Mais rassurez-vous, chers lecteurs, avec des « efforts » et de la« patience », Margot pourra enfin faire honneur à son genre et devenir fréquentable par les petits machos qu’on lui conseillait d’éviter trois lignes plus haut.

Se rebeller, d’accord, à condition de rentrer dans le rang juste après.

S’ensuit un paragraphe d’une vingtaine de lignes, consistant en une suite de « trucs pour se féminiser » plus réducteurs les uns que les autres. Florilège.

1 - « Porte de la couleur. À bas les couleurs unisexe […] comme le noir ou le gris ! Ose des touches de rose vif ou de bleu pétard. »
Il y aurait des couleurs « unisexe » ? Première nouvelle. Ça veut dire que les autres couleurs sont réservées à un sexe plutôt qu’à un autre ? J’aimerais bien savoir lesquelles.

2 - « Adopte les bijoux. Il y en a plein qui sont bon marché, jolis et rigolos. »
Donc, on commence par habiller notre ado en « rose vif », puis on l’emmène dévaliser Claire’s.

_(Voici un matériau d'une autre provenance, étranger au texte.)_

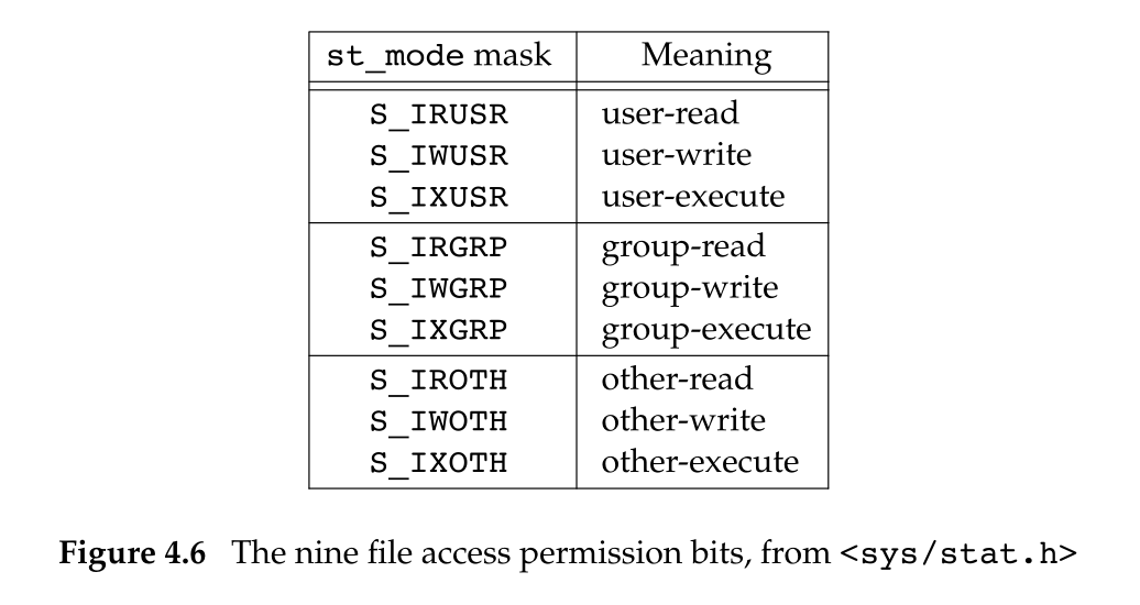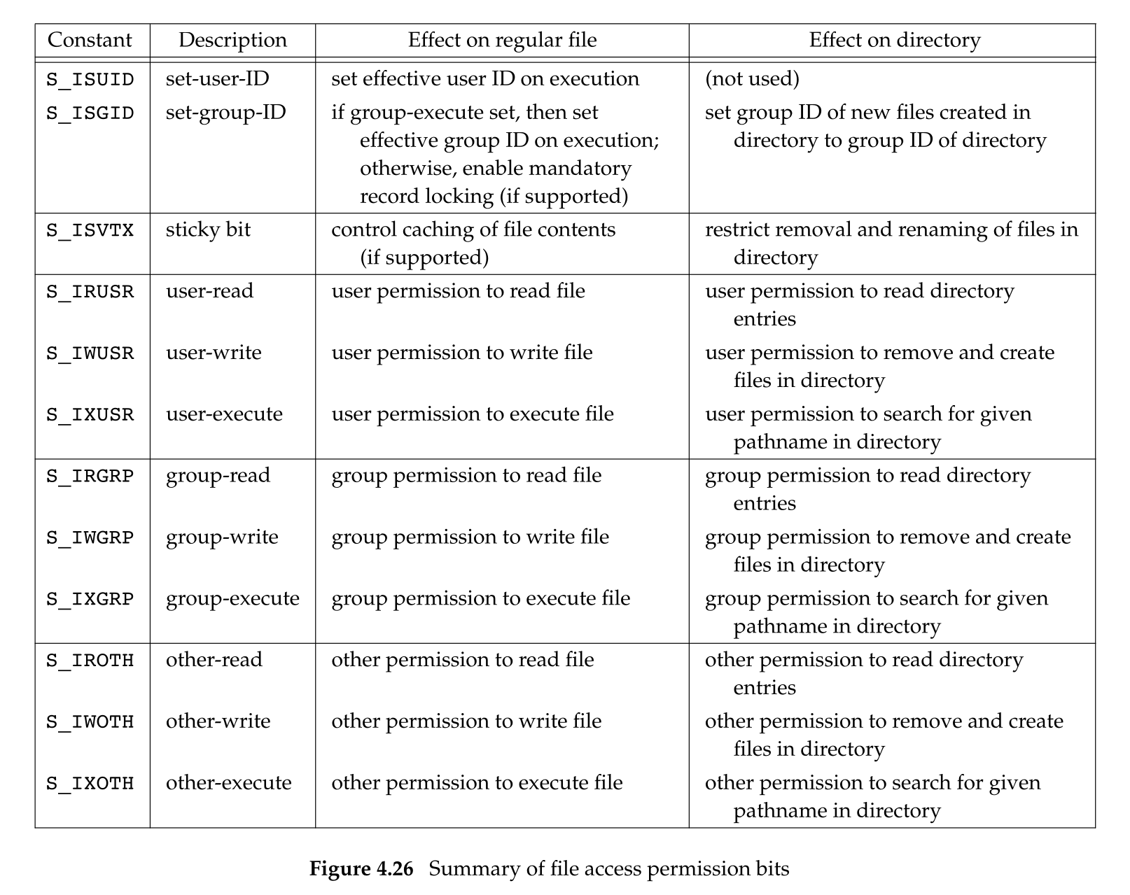 下图列出文件权限位常量以及分别对文件和目录的作用: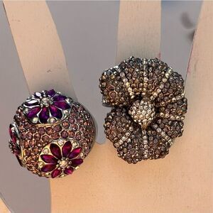 The first ring is a striking purple round rhinestone with flower design, sized at 6 3/4. The second ring is a flower-shaped, embellished with rhinestones, and sized at 6 1/2. Both pieces are costume jewelry, ideal for making a statement at special events or as unique accessories for everyday wear.

Ce qu’Okapi appelle « une belle jeune fille », je l’appelle une faute de goût. Passons.

3 - « Dans le moule (sic)  : n’hésite pas à porter des vêtements plus ajustés qui mettront en valeur tes formes. »
Pardon ? Vous êtes sûrs qu’on parle toujours d’une fillette de 12 ans ? Si on part comme ça, je suggère à Okapi d’offrir avec son numéro d’été ces fameux maillots de bain rembourrés à la poitrine dès 7 ans.

Crédit photo : Le Point

4 - « Bouge en rythme. […] Inscris-toi à un cours de danse pour apprendre à te mouvoir en souplesse. »
Après les couleurs printanières, les bijoux clinquants et les vêtements moulants, il ne manquait plus que les cours de danse. Et pourquoi pas de maintien et de chant, tant qu’on y est ?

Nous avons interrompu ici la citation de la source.